I have a table of >3,000 individual toxicology reports. The results include standalone drug results (ie 'thc' 'oxycodone' midazolam') as well as screening results for positive or negative (ie 'cannabinoids' 'benzodiazepines' 'opiates'). I need to remove screening elements for each observation (id) when the standalone drug is present with the screening result. But I also want to keep screening elements when standalone drug results are missing.
Here is what I HAVE:
id | drug1 | drug2 | drug3 | drug4 | drug5 |
001 | thc/carboxy-thc | cannabinoids | |||
002 | amphetamine | benzodiazepines | midazolam | ||
003 | cannabinoids | carboxy-thc | |||
004 | cannabinoids | hydromorphone | morphine | opiates | oxycodone |
005 | amphetamines | cannabinoids | thc | ||
006 | cannabinoids |
Here is what I WANT:
id | drug1 | drug2 | drug3 | drug4 | drug5 |
001 | thc/carboxy-thc | ||||
002 | amphetamine | midazolam | |||
003 | carboxy-thc | ||||
004 | cannabinoids | hydromorphone | morphine | oxycodone | |
005 | amphetamines | thc | |||
006 | cannabinoids |
Here is a sample of the data:
data have; infile datalines truncover; informat id $5. drug1-drug5 $40.; input id drug1 drug2 drug3 drug4 drug5; datalines; 001 thc/carboxy-thc cannabinoids 002 amphetamine benzodiazepines midazolam 003 cannabinoids carboxy-thc 004 cannabinoids hydromorphone morphine opiates oxycodone 005 amphetamines cannabinoids thc 006 cannabinoids ;
I started to attempt an array, but have limited experience and couldn't resolve:
data want; set have end=done; array p(*) drug1-drug5; array druglist(5) $40; do i=1 to dim(p); if p(i) in ('thc' 'carboxy-thc' 'thc/carboxy-thc') then druglist(i)= ; end;
Thanks!
You need to create the data to drive the analysis.
So first let's make an example dataset for mapping the DRUG to the CLASS.
data classes ;
input drug :$40. class :$40.;
cards;
thc/carboxy-thc cannabinoids
thc cannabinoids
carboxy-thc cannabinoids
amphetamine benzodiazepines
morphine opiates
;
Now let's run a data step that loads that dataset into an HASH object so we can use it to convert the drug into the class. You could also do that part using a format instead.

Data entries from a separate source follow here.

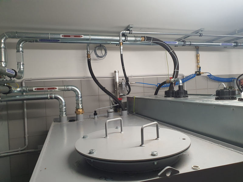 Dodávka výdajného baru na výdaj dvoch olejov a chladiva v novom servise BMW v Brne. Výdaj nových olejov cez monitorovací systém s prenosom dát do PC. Dodávka technológie pre zber použitého oleja mobilnými kombinovanými odsávačkami a vypúšťačkami. Skladovanie použitého oleja v dvojplášťovej na zákazku vyrobenej celokovovej nádrži.
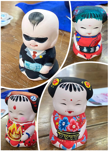 最后一站,师生一行来到惠山泥人厂。在工作人员的带领下,同学们先后参观了惠山泥人厂旧址展览中心和惠山泥人制作厂房。在参观过程中,同学们亲眼见证了非遗文化的魅力。惠山泥人拥有独特的东方美,它们随着社会的进步,不断增添着时代赋予的美学特征,将民间艺术家淳朴的艺术感悟完美地表达出来。参观结束后,同学们到惠山泥人DIY体验室,体验制作惠山泥人。
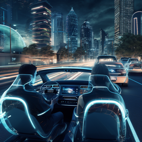 A man wearing an AR device sits in the driver's seat of an electric vehicle showroom, operating the car in autonomous driving mode without holding the steering wheel. On the wall in front of him, two projections appear: one shows a camping scene in the mountains, while the other displays the vehicle's automatic journey to a hospital, with a sub-screen illustrating the route map from the vehicle's current location to the hospital.
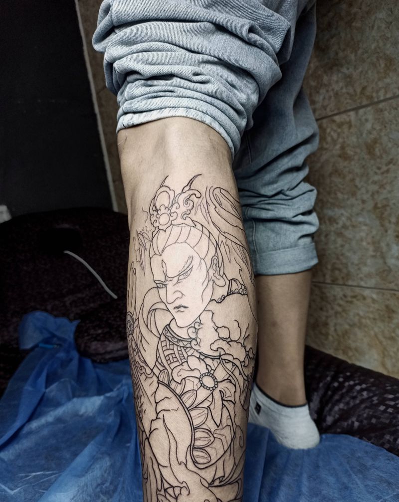 当前位置: 首页 >安徽省阜阳市纹身店-龍門刺青工作室纹身图案>二郎神线条纹身图片_腿部新传统二郎神纹身图案
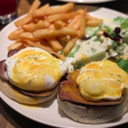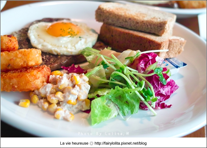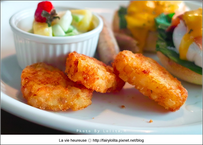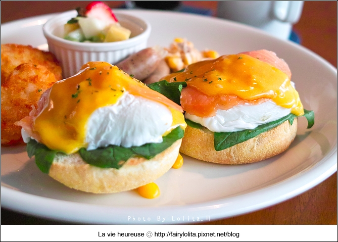 雖然每次造訪早午餐店,總是會想嚐嚐不同的菜色,但不知怎麼的,最後還是投入班尼迪克蛋的懷抱,只能說我實在太愛這一味囉!:)配置的食材有水果沙拉、義式香腸及薯餅,也許有了荷蘭醬鮮豔的色澤,看起來似乎特別地美味。
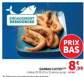 Actuellement, Gambas cuites est en promotion chez Super U. Toutes les informations utiles comme le prix, les conditions et la durée de validité sont affichées sur cette page. Consultez également les promotions similaires pour Gambas cuites, afin de faire le meilleur choix. La promo Gambas cuites est valable du 24-02-2026 au 08-03-2026. Si elle est expirée, regardez les autres offres équivalentes. Vous pouvez aussi suivre cette catégorie de produit pour être alerté lorsqu’une nouvelle promotion Gambas cuites apparaît chez Super U.Questions fréquemment posées au sujet de Gambas cuites

So for each element in the array of drugs we check if it has a CLASS associated with it. Then we blank out any values of the values in the array that have that class name as the drug name.
data want ;
set have classes(obs=0) ;
if _n_=1 then do;
declare hash h(dataset:'classes');
rc=h.definekey('drug');
rc=h.definedata('class');
rc=h.definedone();
end;
array drugs drug1-drug5 ;
do index=1 to dim(drugs);
if not h.find(key:drugs[index]) then do;
next = whichc(class,of drugs[*]);
do while (next) ;
drugs[next]=' ';
next = whichc(class,of drugs[*]);
end;
end;
end;
drop rc drug class index next;
run;
Note this REQUIRES that you have the mapping.
It also will not work (without additional logic) if the DRUG name of some drug happens to match the CLASS name of some drug class.
If you know there are never any duplicate names in the variables in the array, that is you will never have 'cannibis' in more than one of the DRUG1 to DRUG5 variables, then you can reduce the inner most DO WHILE loop to a simple IF/THEN instead.
if next then drugs[next]=' ';
You are going to have to provide some details of why cannabinoids is removed for ID3 in drug1 but not for ID4.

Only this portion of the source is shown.